Methods We analyzed the autoimmune phenotype and cell population in ETV5 deficient lupus mouse models. Autoimmunity was evaluated by checking autoantibody levels, immune cell infiltration into non-lymphoid organs, and kidney IgG deposition. The frequency of TFH, TFR, and GC B cells was measured by flow cytometry. The expression levels of ETV5 in human samples were analyzed by qRT-PCR and western blot.

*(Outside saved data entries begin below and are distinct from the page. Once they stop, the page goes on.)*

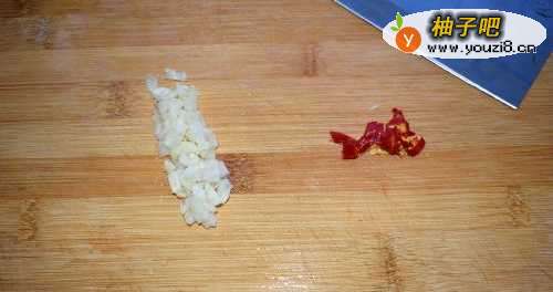 22,大蒜直接拍碎,辣椒切好后备用。
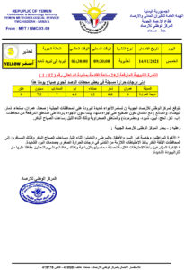 وبحسب نشرة الأحوال الجوية، للمركز الوطني للأرصاد الجوية اليمنية، ليوم الخميس 14 يناير 2021 والتي نشرها على صفحته بالفيس بوك ، فإن درجات الحرارة في صنعاء، بلغت العظمى 23 بينما الصغرى ،2 أما الحديدة فبلغت درجات الحرارة العظمى فيها 29 والصغرى 22 .
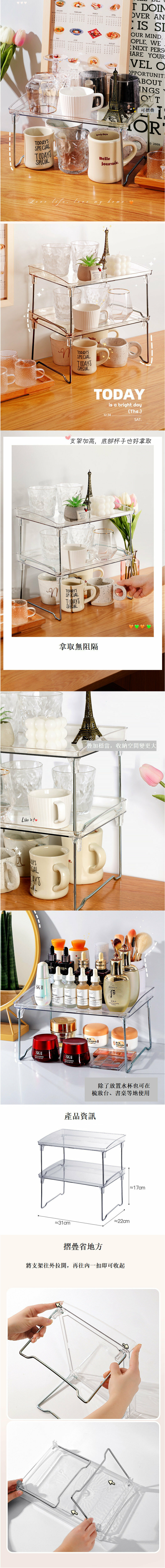 激抵折疊透明層架 杯子收納置物架 茶具收納架 (1個裝 尺寸:31*22cm)
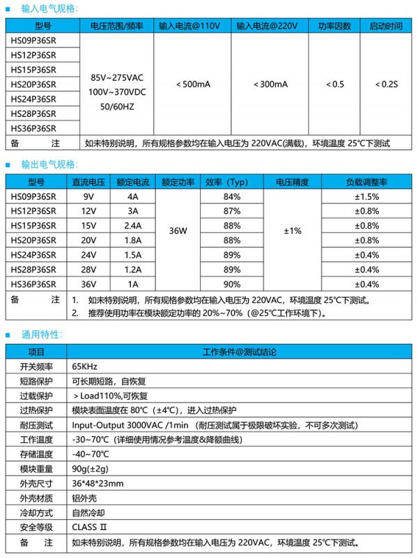 小型ACDC电源模块HS24P36SR,具有交直流两用、输入电压范围宽、高可靠性、低功耗、安全隔离等优点。电源的效率高达90%和低于0.1W的低空载功耗。可以提供基本的防尘和防水功能。
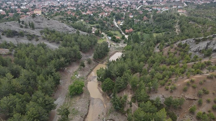 Öte yandan, selin geldiği dere yatağı, zarar gören mahalleler, yollar ve evler havadan görüntülendi.
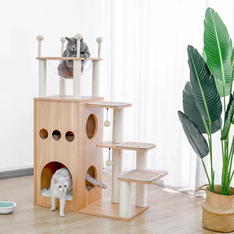 · ESTILO DE VIDA LIMPIO Y ACOGEDOR: Elaborado con una sensación contemporánea en vetas de madera natural, limpio pero hermoso, que refleja el encanto único del hogar moderno para mascotas, este árbol para gatos será el que desea lucir.Combínelo con la alfombrilla extraíble y lavable en cada plataforma no solo brinde la mejor protección para su gatito, sino también para facilitar la limpieza.El cojín ultrasuave se coloca cuidadosamente en cada condominio ofreciendo un ambiente más cálido y acogedor para jugar y dormir.
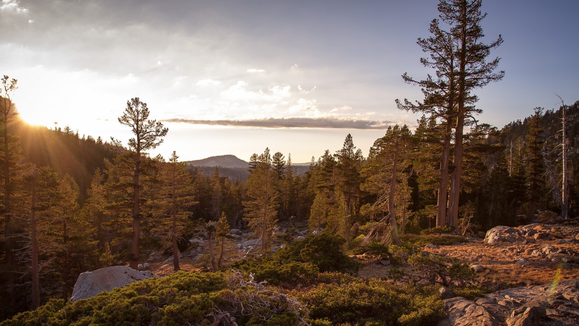 Description: A forest with a mountain in the background and a sun setting in the distance with clouds in the sky.
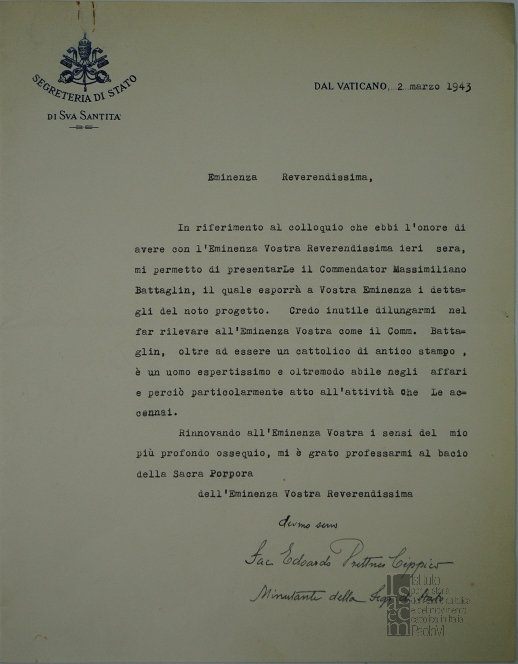 Lettera di Edoardo Prettner Cippico, della Segreteria di Stato della Santa Sede, a destinatario non indicato

Results The frequency of TFH cells is decreased in the spleen of T cell-specific ETV5 null mice compared with control mice. In addition, ETV5 deficiency in T cells substantially suppresses autoimmunity in lupus mouse models. TFH cells have higher levels of ETV5 than non-TFH cells in humans as well as in mice. ETV5 overexpression also promotes human TFH cell differentiation. Furthermore, ETV5 levels are significantly higher in CD4 T cells from SLE patients than in those from healthy control, suggesting that ETV5 may be an SLE-promoting factor.
Conclusions In this study, we show that ETV5 is a transcription factor that promotes the pathogenesis of lupus autoimmune disease via enhancing TFH cell differentiation. We are currently investigating the molecular mechanism of how ETV5 promotes TFH cell differentiation.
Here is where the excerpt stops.